START DATA FOR ANALYSIS

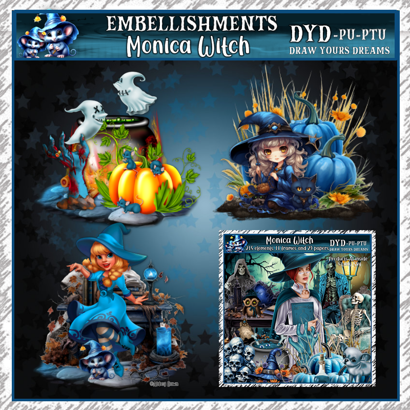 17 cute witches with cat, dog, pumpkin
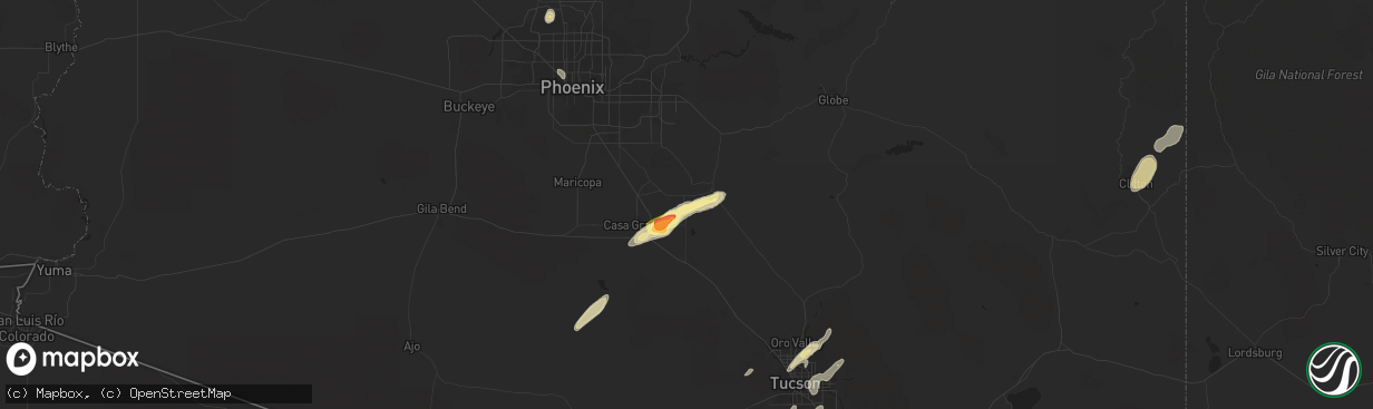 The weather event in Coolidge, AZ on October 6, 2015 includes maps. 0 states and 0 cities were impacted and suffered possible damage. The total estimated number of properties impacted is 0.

END DATA FOR ANALYSIS
START DATA FOR ANALYSIS

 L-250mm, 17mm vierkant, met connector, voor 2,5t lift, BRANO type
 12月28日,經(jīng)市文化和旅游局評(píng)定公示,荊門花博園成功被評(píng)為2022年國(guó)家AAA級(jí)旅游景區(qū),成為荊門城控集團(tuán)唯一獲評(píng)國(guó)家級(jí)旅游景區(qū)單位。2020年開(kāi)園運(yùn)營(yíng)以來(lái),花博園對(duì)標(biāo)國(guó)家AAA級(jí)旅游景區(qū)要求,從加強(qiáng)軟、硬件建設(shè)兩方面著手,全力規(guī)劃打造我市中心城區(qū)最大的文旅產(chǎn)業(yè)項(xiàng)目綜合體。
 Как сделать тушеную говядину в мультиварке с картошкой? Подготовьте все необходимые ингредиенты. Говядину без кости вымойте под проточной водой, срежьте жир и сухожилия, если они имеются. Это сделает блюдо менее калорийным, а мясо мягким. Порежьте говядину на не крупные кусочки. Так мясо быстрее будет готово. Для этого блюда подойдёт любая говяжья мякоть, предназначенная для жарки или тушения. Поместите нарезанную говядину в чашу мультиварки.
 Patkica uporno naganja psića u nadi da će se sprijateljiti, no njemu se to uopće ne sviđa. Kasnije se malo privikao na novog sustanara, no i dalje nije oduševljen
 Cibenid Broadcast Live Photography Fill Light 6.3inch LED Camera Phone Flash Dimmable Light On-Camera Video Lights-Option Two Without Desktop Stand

END DATA FOR ANALYSIS
START DATA FOR ANALYSIS

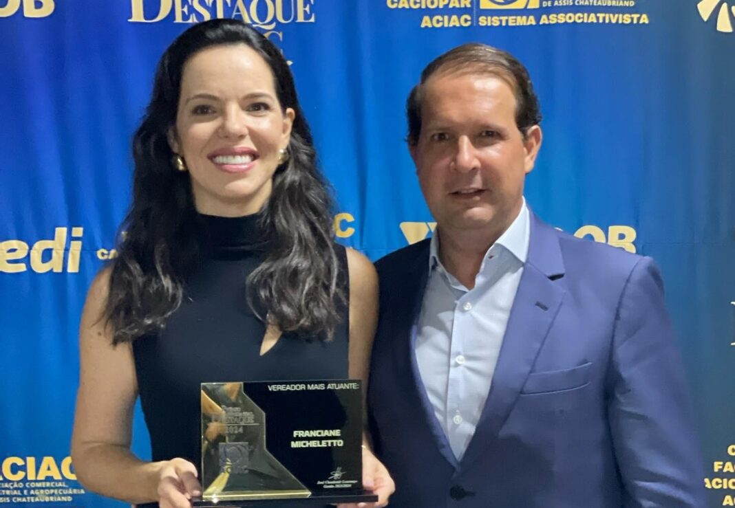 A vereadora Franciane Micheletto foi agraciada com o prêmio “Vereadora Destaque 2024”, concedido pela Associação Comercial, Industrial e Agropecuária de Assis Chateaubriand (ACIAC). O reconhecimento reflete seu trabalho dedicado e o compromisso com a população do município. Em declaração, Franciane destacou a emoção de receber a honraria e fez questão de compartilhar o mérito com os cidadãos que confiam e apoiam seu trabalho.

END DATA FOR ANALYSIS

WHAT THE TASK ASKS -
In the entries above, find the line with "12月28日,經(jīng)" and the line with "Patkica uporno naganja", then set down exactly those two and every line between them, nothing else.

RESPONSE TO THE TASK -
 12月28日,經(jīng)市文化和旅游局評(píng)定公示,荊門花博園成功被評(píng)為2022年國(guó)家AAA級(jí)旅游景區(qū),成為荊門城控集團(tuán)唯一獲評(píng)國(guó)家級(jí)旅游景區(qū)單位。2020年開(kāi)園運(yùn)營(yíng)以來(lái),花博園對(duì)標(biāo)國(guó)家AAA級(jí)旅游景區(qū)要求,從加強(qiáng)軟、硬件建設(shè)兩方面著手,全力規(guī)劃打造我市中心城區(qū)最大的文旅產(chǎn)業(yè)項(xiàng)目綜合體。
 Как сделать тушеную говядину в мультиварке с картошкой? Подготовьте все необходимые ингредиенты. Говядину без кости вымойте под проточной водой, срежьте жир и сухожилия, если они имеются. Это сделает блюдо менее калорийным, а мясо мягким. Порежьте говядину на не крупные кусочки. Так мясо быстрее будет готово. Для этого блюда подойдёт любая говяжья мякоть, предназначенная для жарки или тушения. Поместите нарезанную говядину в чашу мультиварки.
 Patkica uporno naganja psića u nadi da će se sprijateljiti, no njemu se to uopće ne sviđa. Kasnije se malo privikao na novog sustanara, no i dalje nije oduševljen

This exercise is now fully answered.